_Dataset items:_

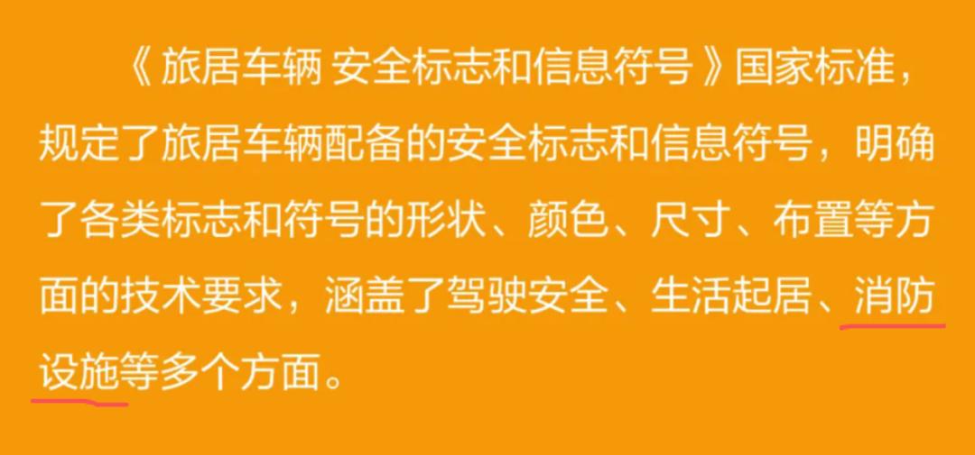 如果说前两项标志让大家觉得“一刀切”,那么消防设施标志的相关规定一定要重视。《旅居车辆 安全标志和信息符号》规定,要专门标注消防设备的位置。
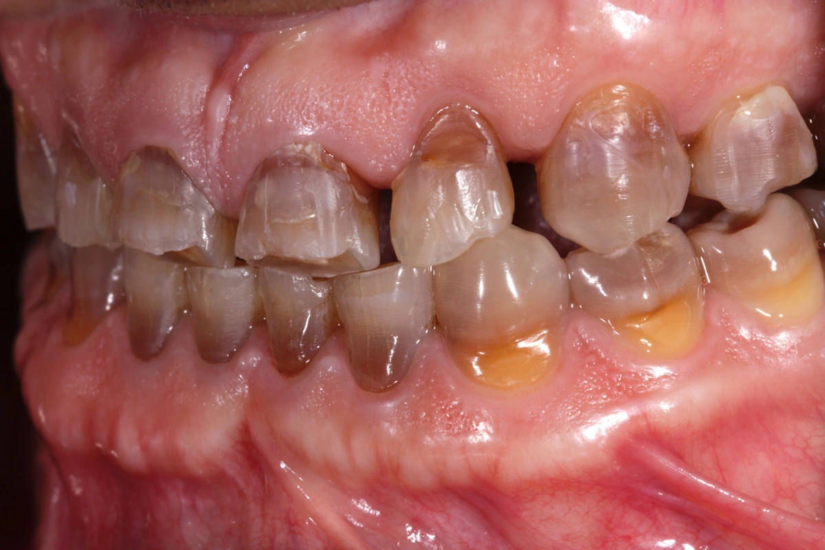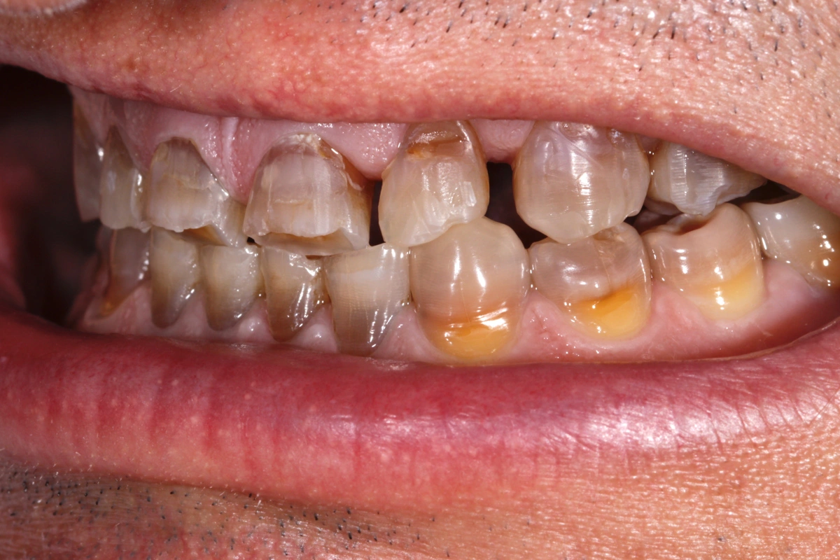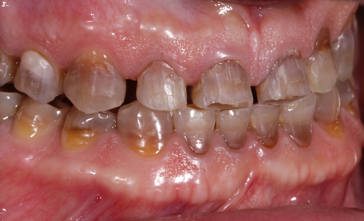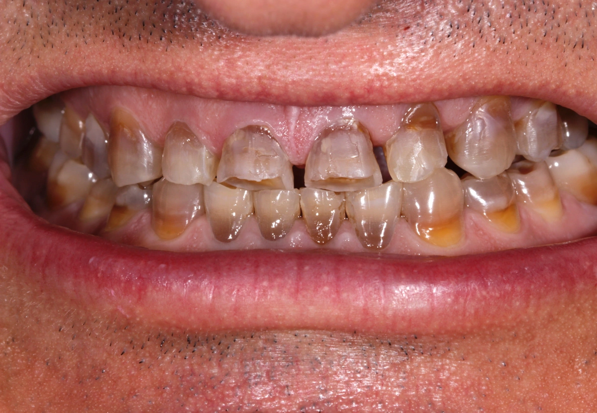 En este caso se trata de un paciente con desgaste dental severo y tinción por tetraciclinas grado IV.
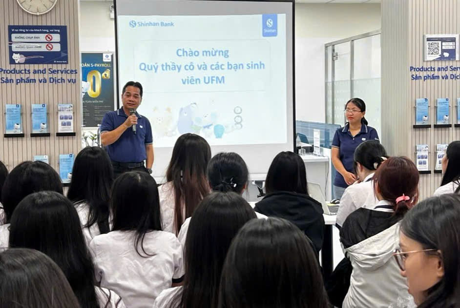 In Semester 1/2025, major commercial banks in Ho Chi Minh City such as ACB and Shinhan Bank actively supported the program, receiving and mentoring 100% of K22 students.
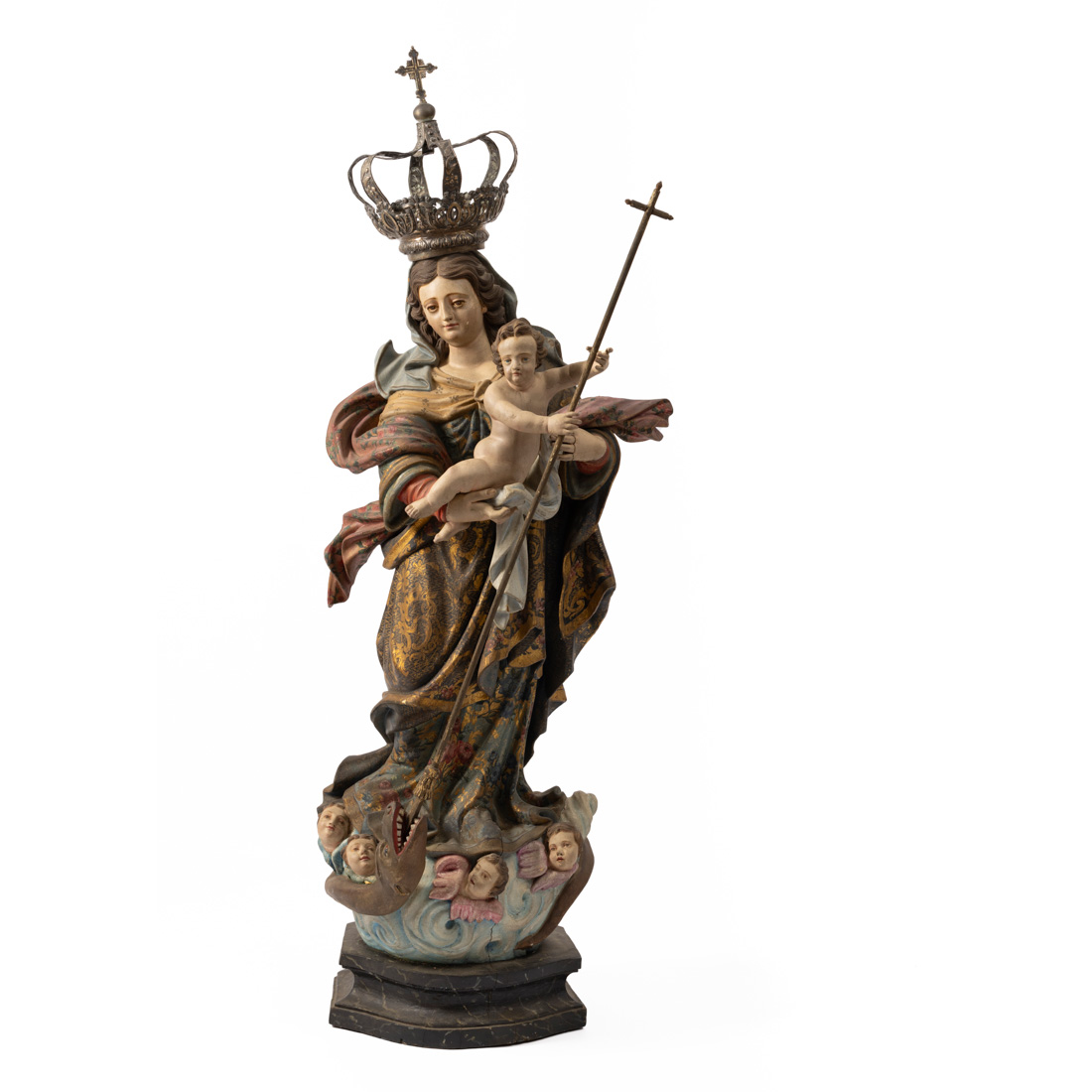 Escultura em madeira policromada e dourada, Séc. XVIII/XIX. Coroa em prata portuguesa Séc. XIX, marca de ensaiador do Porto (P-50) José Almeida Brandão Aguiar Penetra e de ourives (P-419) José Rodrigues Teixeira, decoração relevada e vazada. Representadacom o menino segurando crucifixo que pousa na boca da serpente, sobre nuvem com querubins. Dim: 109 cm.
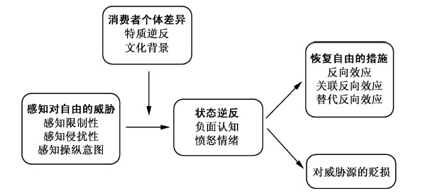 二、消费者心理逆反理论的核心观点及相关概念辨析心理逆反理论由美国心理学教授Brehm于1966年提出,主要内容为:人们往往相信自己拥有某些具体的行为或选择自由并珍惜这种自由,当这种自由被剥夺或面临威胁时,个体将产生一种旨在恢复被剥夺或受威胁自由的厌恶性动机状态,即“心理逆反”(Brehm和Brehm,1981)。可见,心理逆反理论主要涉及四个概念,分别是自由、威胁、逆反以及对自由的恢复。
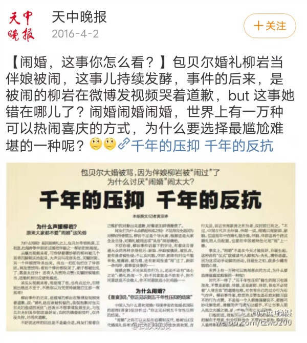 令人大跌眼镜的是,明明是伴郎团的锅,有些冷言冷语夹枪带棒的攻击柳岩,柳岩发声:婚礼是应该被祝福的,我很抱歉。
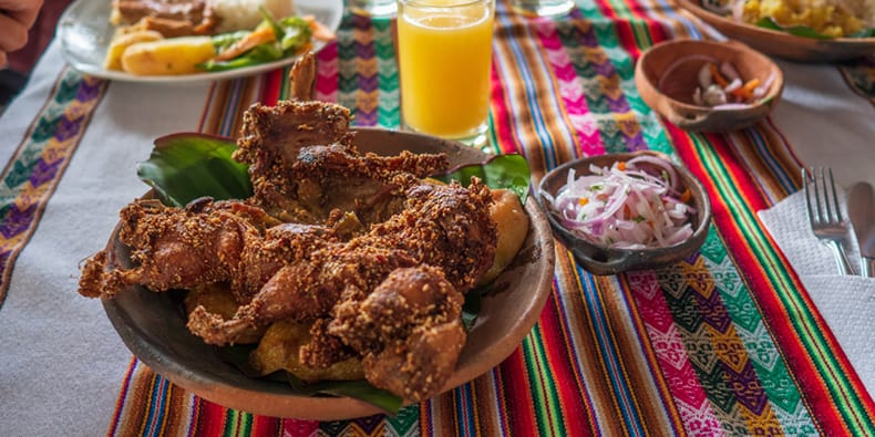 In here, you will be able to taste the most representative dishes of Cajamarca like Picante de papa con cuy, chicharrón con mote, humitas nativas, and caldo verde.
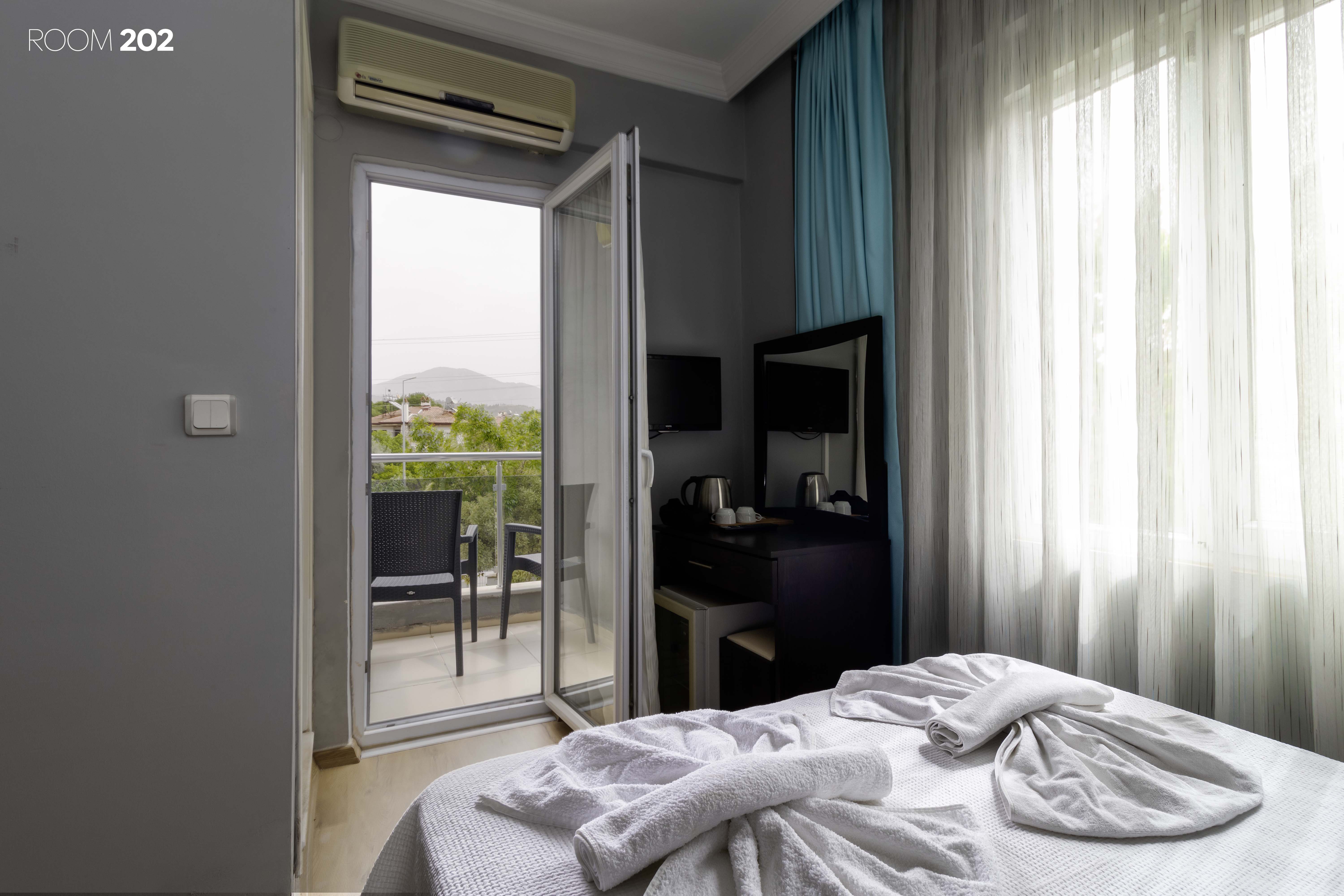 Otelimiz iki dönüm alan içerisine kuruludur. Alan içerisinde bir adet açık havuz bir adet havuz başı kafe bir adet bar bir adet a la carte restaurant mevcuttur. Dalaman havalimanına 45 km uzaklıktadır. Çalış plajına 10 ile 15 dakika (Kişiden kişiye göre değişmektedir) arasında yürüme mesafesindedir. Şehir merkezine ulaşım ve çalış plajına ulaşım oldukça rahat bir şekilde sağlanmaktadır. Dilediğiniz taktirde resepsiyondan çevre turları, yamaç paraşütü ,dalış ve tekne turları hakkında bilgi alabilir ve rezervasyon gerçekleştirebilirsiniz. Haftanın belirli günlerinde ücretsiz olarak bahçemizde kurulu olan açık hava sinemasından yararlanabilir, ailece katılabilirsiniz. Hafta sonları ise çocuklarımız için özel olarak seçilmiş gösterimlerede katılabilirsiniz.
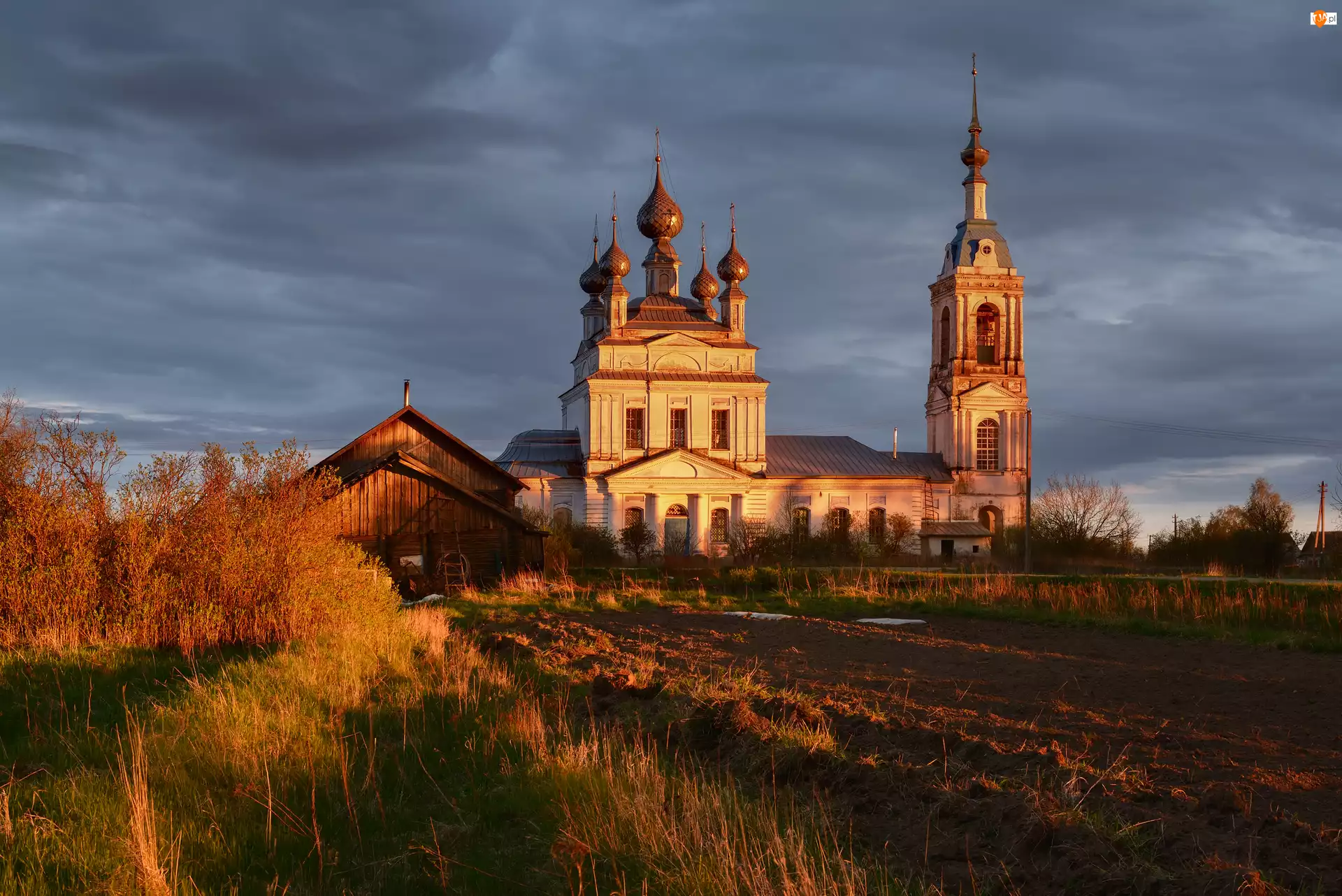 Jesień, Pole, Rosja, Cerkiew, Obwód jarosławski, Savinskoye, Drzewa

_Your instructions:_ Repeat exactly the lines from the first line of the records above through the line containing "En este caso", both included. Leave out the pictures.

_Exercise solution:_
 如果说前两项标志让大家觉得“一刀切”,那么消防设施标志的相关规定一定要重视。《旅居车辆 安全标志和信息符号》规定,要专门标注消防设备的位置。
 En este caso se trata de un paciente con desgaste dental severo y tinción por tetraciclinas grado IV.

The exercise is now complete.